Wilson Airport in Nairobi, Kenya, East Africa.
My 24-year-old father is sitting in the left seat of a Piper PA-28-140 Cherokee bearing Kenyan registration 5Y-AJJ.
The aircraft is likely only a few years old and, sitting on the tarmac of an East African airport with the engine turning smoothly over at idle, a long way from its home of Vero Beach, Florida.
In the right seat is rookie instructor pilot Murray Sinton. My father is his first student. 40 years later, my dad would remember him fondly as his best instructor.
It's a work day and dad is likely on his lunch break. At any rate, he's the boss...and who would question him if he stole away for an hour? Furthermore, who would find him in the skies above Nairobi?
And it's clear my dad is excited. After all, he had received his student pilot licence Number 2918 (K.337) from the Directorate of Civil Aviation East Africa only the day before this first flight. Why wait?
The cover of my dad's East African Licence booklet. (Family Collection) |
Student Pilot Licence 2918 (Family Collection) |
The weather in Nairobi is typical for the season - sunny, with a few puffs of cotton ball cumulus and a pleasant 20 or 21 degrees Celsius. Despite the moderate climate in Nairobi, it's stuffy inside the Cherokee's cockpit so Sinton has the only door propped open with his foot and the tiny storm window on my Dad's side of the canopy is hanging open. A soft breeze is drifting back from the slowly turning propeller.
Wilson Airport has two asphalt runways: 07/25 at 4,798' and 14/32 at 5,052'. Oddly enough, the runway orientation is exactly the same as Ottawa's International Airport. It isn't possible now to know which runway the two men used on their first flight together but we can draw some conclusions.
My father's copy of a Wilken Flying School checklist for the Piper Cherokee. This is likely one of the first pieces of kit my dad would have bought for his training. (Family Collection) |
After receiving clearance from the tower, Sinton yanked the door closed and snapped the lock above his head. He likely called for my dad to close the storm window before advancing the throttle. Alpha-Juliet-Juliet then began rolling forward, engine at full power, Sinton's left hand on the throttle and his right resting on the control yoke. Wilson sits at just over a mile above sea level so Sinton likely held the boxy trainer on the runway a few beats longer than usual before easing the yoke back.
As Alpha-Juliet-Juliet's wheels left the ground at 12:25 p.m. that Wednesday afternoon, my father, a captive passenger, was hooked forever.

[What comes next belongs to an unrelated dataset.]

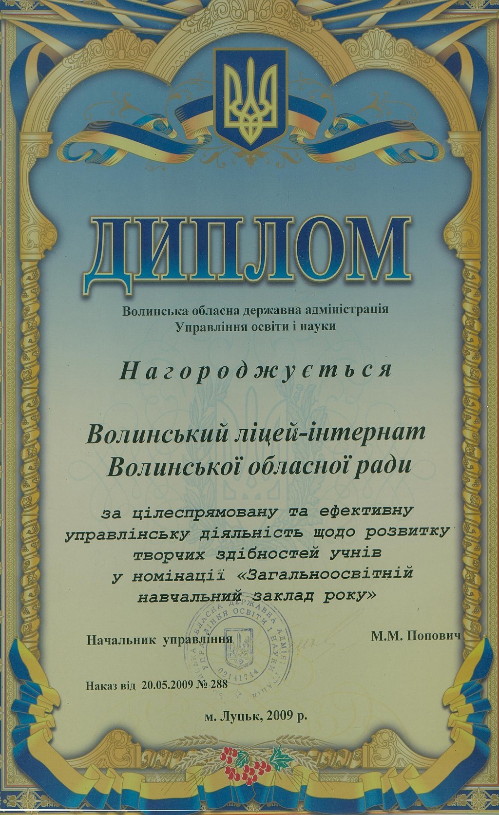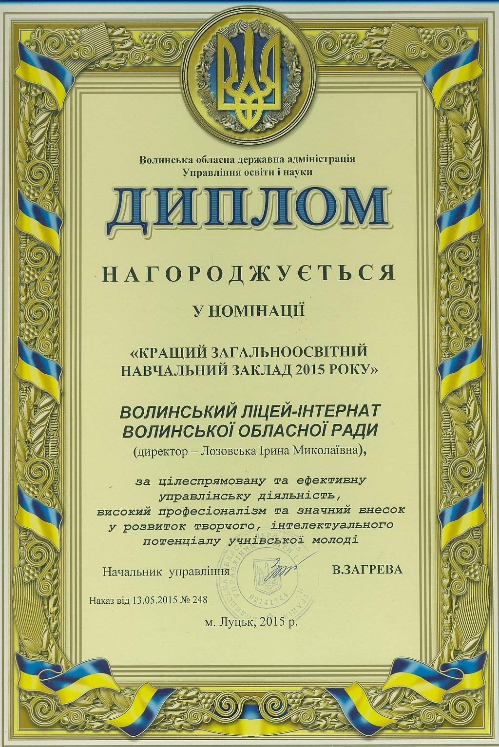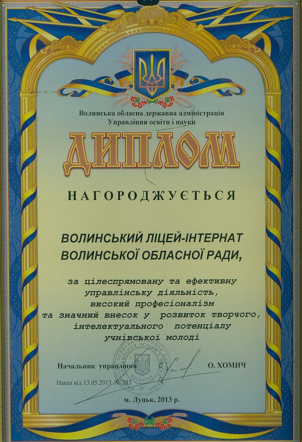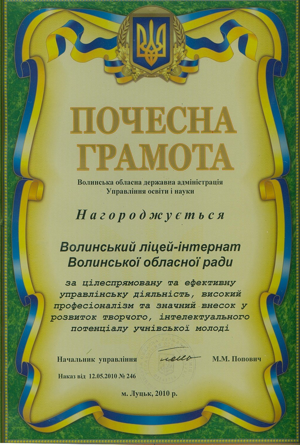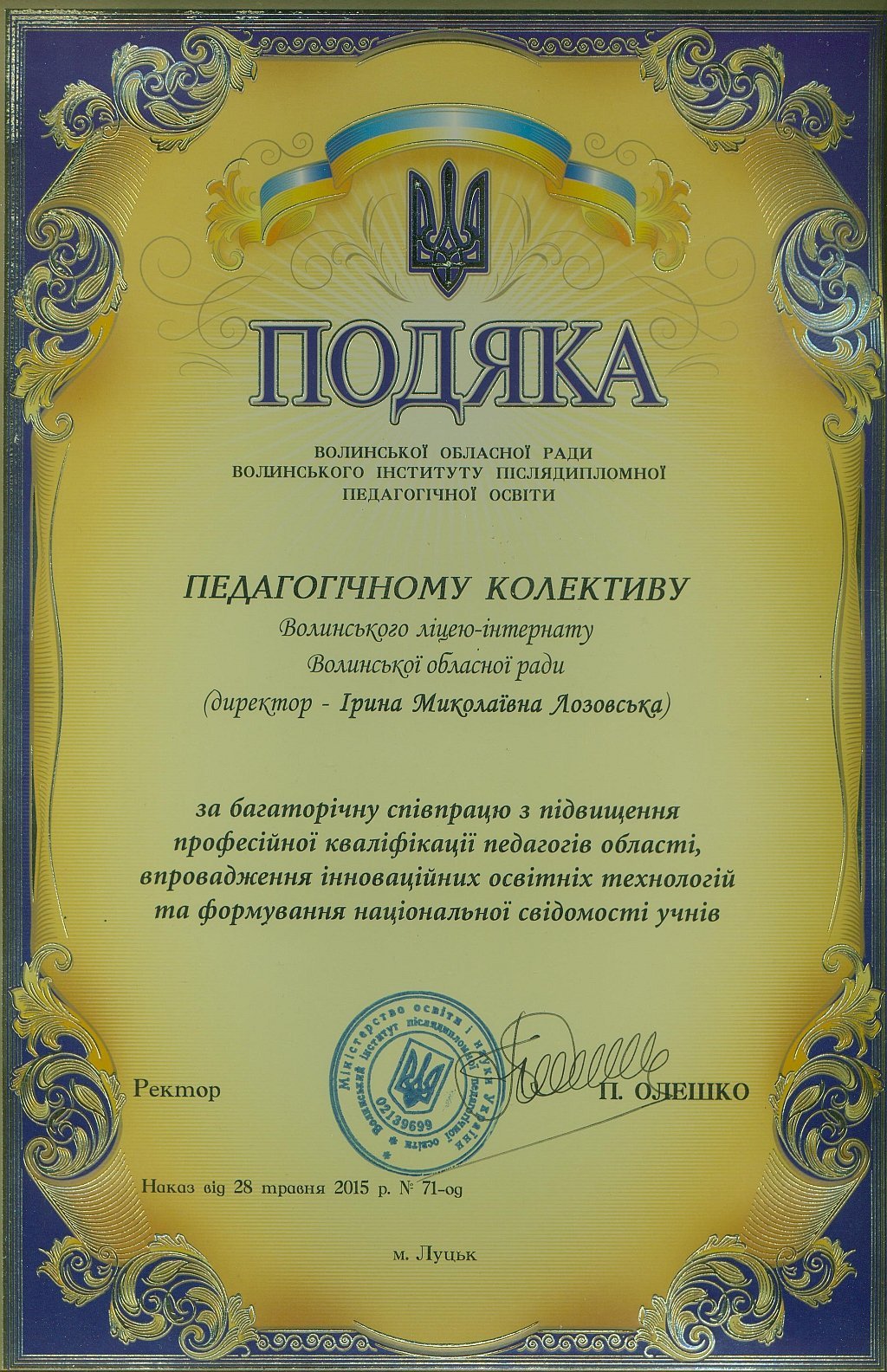 «Протягом 12-ти років ліцей-інтернат отримує відзнаку кращого загальноосвітнього навчального закладу на Волині за результатами участі ліцеїстів у всеукраїнських олімпіадах, конкурсах-захистах науково-дослідницьких робіт МАН та предметних турнірах. У цьому наші учні тримають першість вже багато років поспіль.
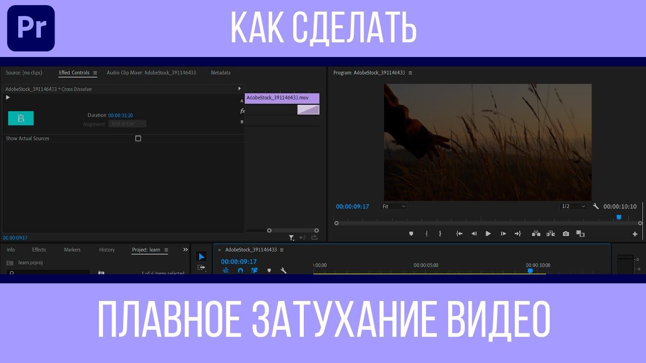Как сделать затухание видео в Premiere Pro №2

The cover of my Dad's logbook. (Family Collection) |
The flight lasted only half an hour - Sinton landed Alpha-Juliet-Juliet just shy of 1 o'clock. The notations in the dad's logbook, set down in his hand 42 years ago, betray none of the emotions he must have felt. On cream-colored paper, in blue ink, the particulars of the flight are recorded dispassionately: date, aircraft type, registration, captain, etc, etc, etc. In the remarks section of his then-new log book, he wrote down "No. 3" - the lesson number for "Effects of Flight Controls". It is a rather poor estimation of the effect that flight had on my dad that day...and for decades to come.
The first page of my Dad's logbook. The flight in question is at the very top. Half-way down the right side is Murray Sinton's signature confirming the hours flown in July, 1970. (Family Collection) |
I don't know what happened to 5Y-AJJ. I can find no record of its fate or where it is today. I'm equally ignorant as to Murray Sinton's whereabouts. I only know that, when my dad was issued his private pilot's licence, he gave Sinton one of 6 silver eagles he had made by a Nairobi jeweler. Sinton was overjoyed. Some time later, my dad had several more made in gold - of which only one survives.
I do know that my dad's first instructor and the plucky American-built, East-African transplanted trainer sparked a lifelong love that would have three generations gazing skyward in awe.